BEGIN RECORDS FOR THE TASK
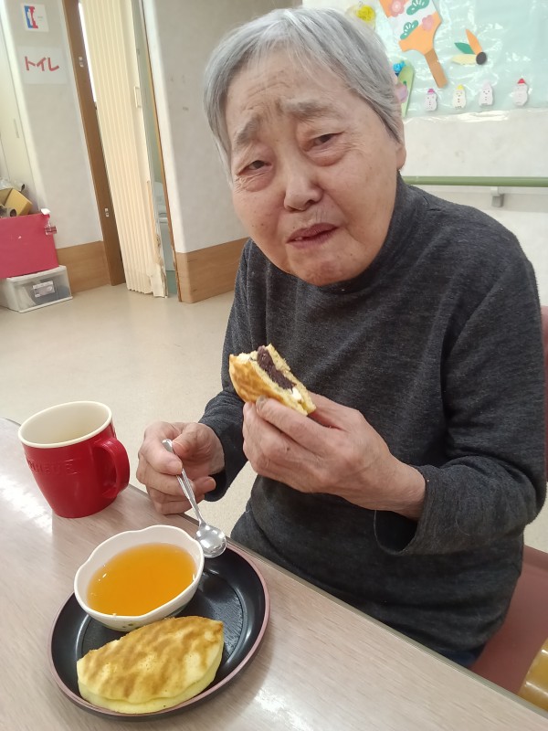 「甘くておいしいー」「大きいどら焼きだね」「私どら焼き好きー」と皆さまとても美味しそうに召し上がっておりました(^^)/
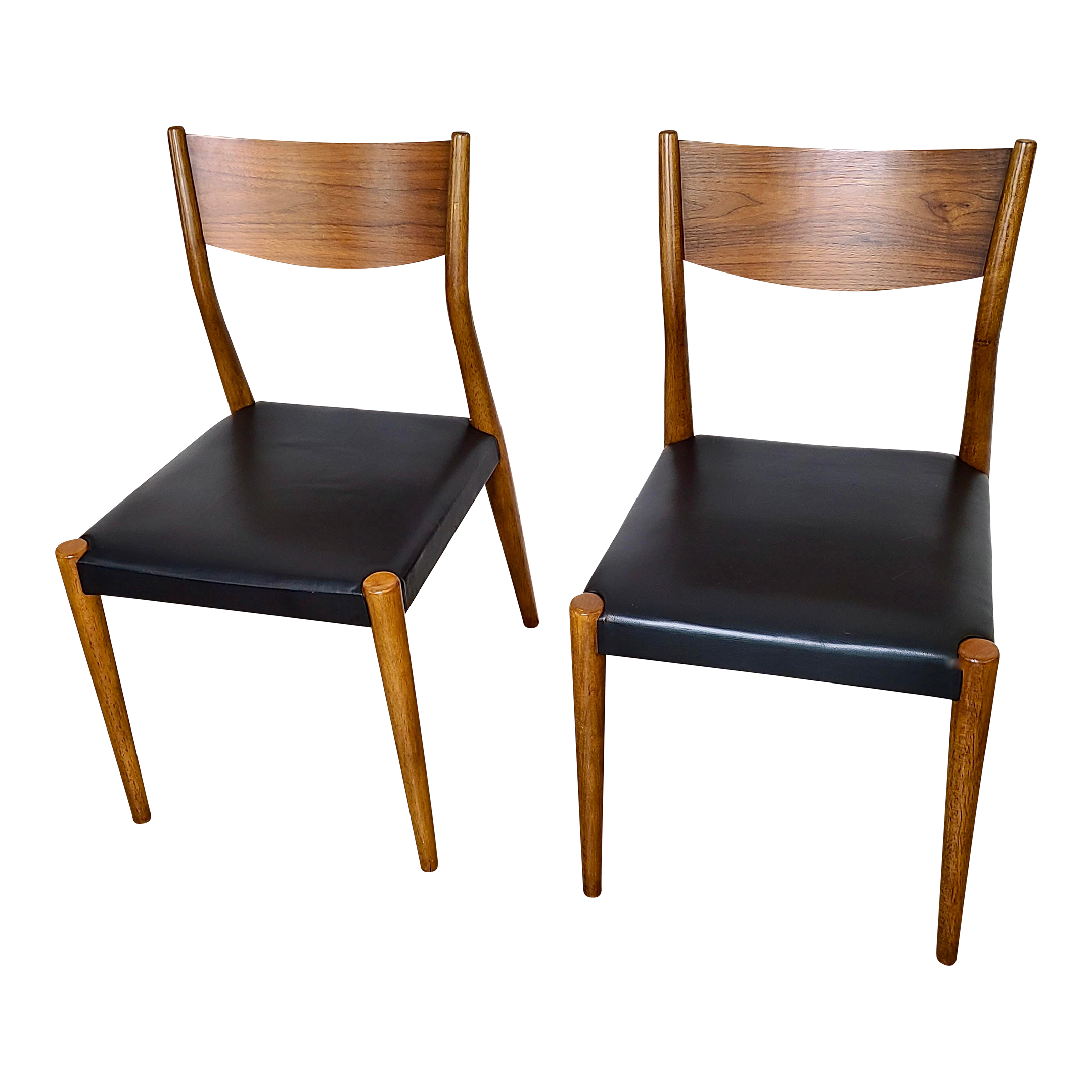 West Elm Tate Dining Chairs Black Leather Walnut A Pair Chairish
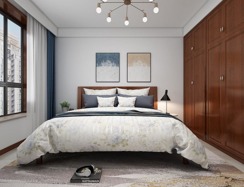 卧室的床头使用了 低调高贵的两幅画为背景 与主色形成对比 优雅却不沉闷
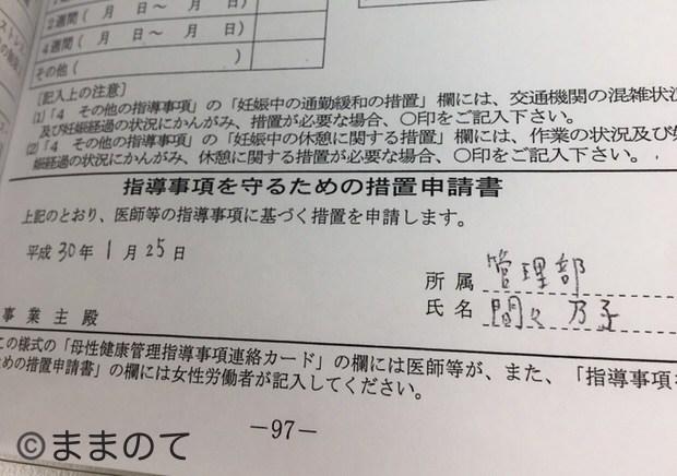 妊産婦さん自身で記入すべき箇所としては、基本的に母健連絡カード下部に記載されている「指導事項を守るための措置申請書」の部分のみです。申請日、所属、部署、氏名を記入し捺印したものを提出するようにしましょう。
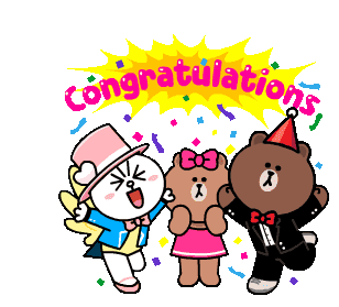 Brown, Cony, and a friend celebrate with a pink striped gift box, perfect for congratulations.
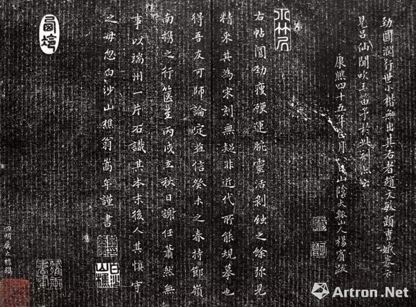 由此可知,《玉版十三行》在杭州发现后,先归泰和令陆梦鹤,后迭经观桥叶氏、王耳溪收藏,后翁嵩年于康熙四十二年(1703)以三百两银子从王耳溪处购得,后赠拓本请杨宾考其源流,跋于其后。翁嵩年在岭南任学使期间,以端石刻杨宾跋及自跋(四明厉大标刻,翁嵩年自跋收录于《观妙斋藏金石文考略》),附于《玉版十三行》之后(图8),并使此《玉版十三行》渐行于世。康熙四十五年(1706)翁嵩年学使差竣回京,将其贡入内府。
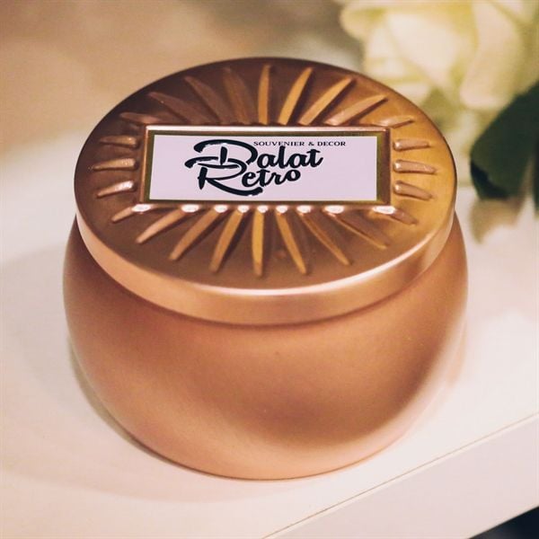 Nến thơm, 120g, hộp, mẫu hộp thiếc hoa văn, hương rose, Dalat Retro
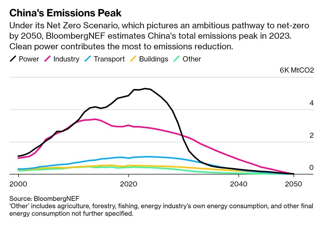 In China sind die Treibhausgasemissionen im Jahr 2024 erstmals gesunken. Die Senkung war ursprünglich erst für 2030 erwartet worden.
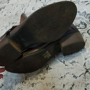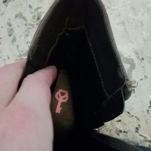 About 1-1.5 inch heel. zipper on one side and stretchy band on other for easy insert. Slightly used but in great condition and no signs of wear other than on bottoms of booties
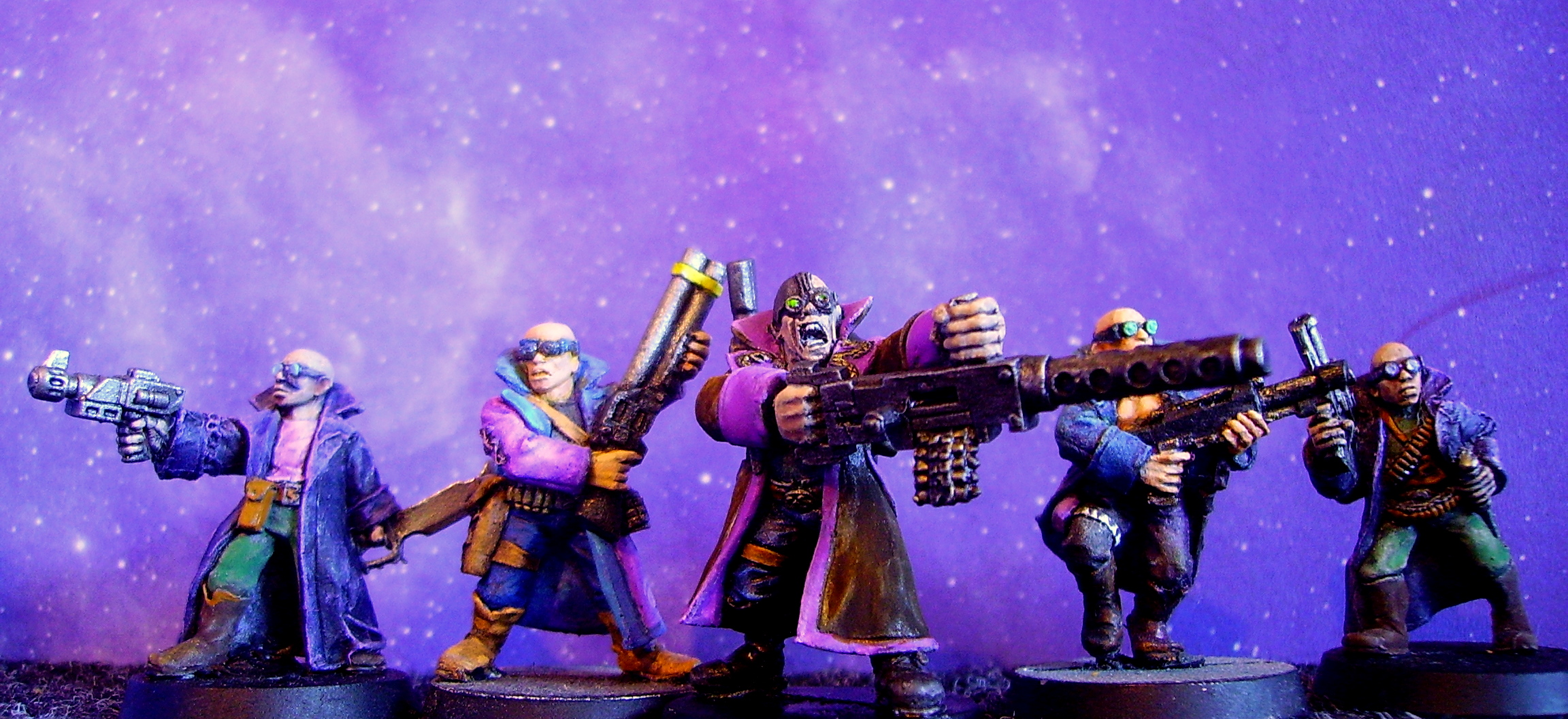 Plus I love the idea of bald guys with bar codes on their foreheads. I'll post one of them also when I'm done. I finally got the first three in the mail today. That brings me to three delaques, a space pirate and a space thug. Now I need to find an adeptus arbites figure to serve as their taskmaster, and find four more. I should have two or three more delaques on the way. OH, and I have a Van Saar with autogun already and one with a heavy stubber on the way. That takes care of my heavy weapon (counts as heavy bolter) and the assault weapon (multimelta on the space pirate counts as meltagun.) All I'm really lacking is the one arbite. Every ebay listing has been for a whole bunch of them, and I'm not sure I can order just one from GW any more.
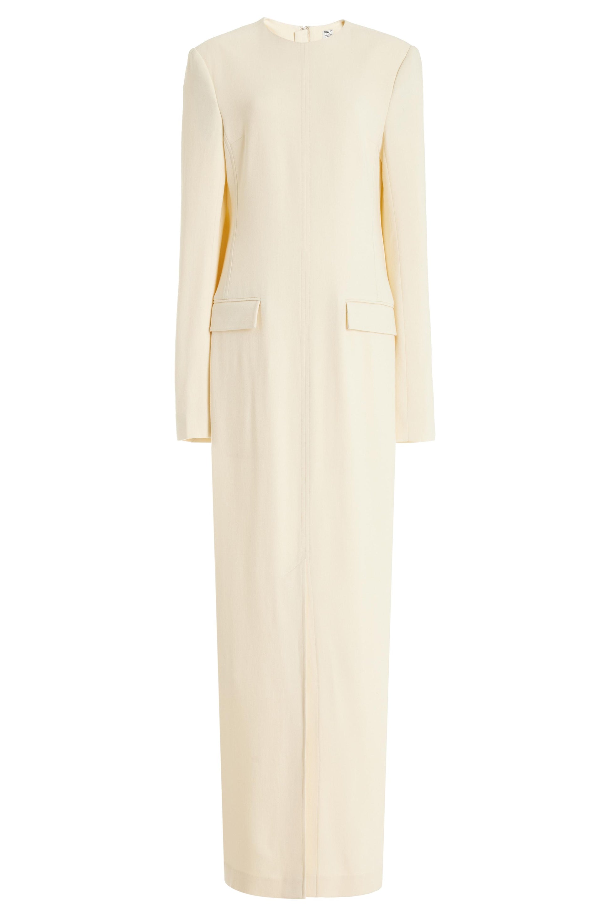 - Solid color, white, cotton, long sleeve, split, maxi dress
END RECORDS FOR THE TASK
WORK REQUEST:
Only the lines from the first line of the data above through the line with "Brown, Cony, and" should appear in the answer, retyped exactly, with every picture left out.

OUTPUT:
 「甘くておいしいー」「大きいどら焼きだね」「私どら焼き好きー」と皆さまとても美味しそうに召し上がっておりました(^^)/
 West Elm Tate Dining Chairs Black Leather Walnut A Pair Chairish
 卧室的床头使用了 低调高贵的两幅画为背景 与主色形成对比 优雅却不沉闷
 妊産婦さん自身で記入すべき箇所としては、基本的に母健連絡カード下部に記載されている「指導事項を守るための措置申請書」の部分のみです。申請日、所属、部署、氏名を記入し捺印したものを提出するようにしましょう。
 Brown, Cony, and a friend celebrate with a pink striped gift box, perfect for congratulations.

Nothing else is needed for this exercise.